Monument voor het Heelal
(Rem, Ivan en Koen)

Moniek E. Bucquoye

< Back
monument-voor-het-heelalrem-ivan-en-koenmoniek-e-bucquoye

Het was kort na de biënnale Interieur 1982, dat ik voor het eerst het verlichtingsobject 'Monument voor het heelal' van Koen Deprez zag. Na al die jaren stond het ding nog in de schaduw van mijn geheugen en is Deprez me blijven interesseren omdat zijn werk al die tijd én verleidelijk én een stuk ongrijpbaar is gebleven. Koen Deprez heeft er ondertussen meer dan een kwarteeuw architectuur in de coulissen op zitten als ontwerper van kunstige en literaire vernestellingen tussen de muren van het wonen, waarvan het 'Denkbare Huis' (2009) een van de vele hoogtepunten is.

Maar zoals hij het zelf dikwijls zegt: "je moet mensen vinden die in je verhaal willen meegaan of je inspireren om je doelen te bereiken". En in het geval van 'Monument voor het Heelal' was het zijn geloof in de Nederlandse architect Rem Koolhaas (°1944) en de Russische constructivist Ivan Leonidov (1902-1959).
In de periode dat Koen Deprez a-functionele objecten ontwikkelde zoals toiletpapier met gaatjes, een dartspel waarmee je steeds het maximum aan punten haalde, een potlood dat ongeveer alles kon behalve ermee schrijven, een driewieler voor tweelingen enz., kreeg hij van een van zijn docenten in de prille jaren tachtig de opdracht een bureaulamp te ontwerpen. Aandachtspunten voor de studenten waren uiteraard: de lampenvoet, de lampenkap, de aan- en uitknop, draaimechanisme enz. Nooit werd getwijfeld aan de noodzaak van het object: bureaulamp!
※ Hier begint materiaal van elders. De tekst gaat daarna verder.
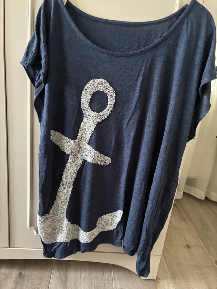 Rahat kesim, kısa kollu tişörtü. Yumuşak denim kumaştan, önünde örme gri çapa baskısı bulunur. Günlük kullanıma uygundur.

Deprez trok toentertijd het modernistische canon van de functionaliteit in twijfel en was niet gebeten door de zogezegde 'functionalistische architectuur'. Met vooral begrippen, verwijzingen, woorden, kladjes, schetsen en een stuk controverse wilde student Deprez dé bureaulamp bevatten en invullen.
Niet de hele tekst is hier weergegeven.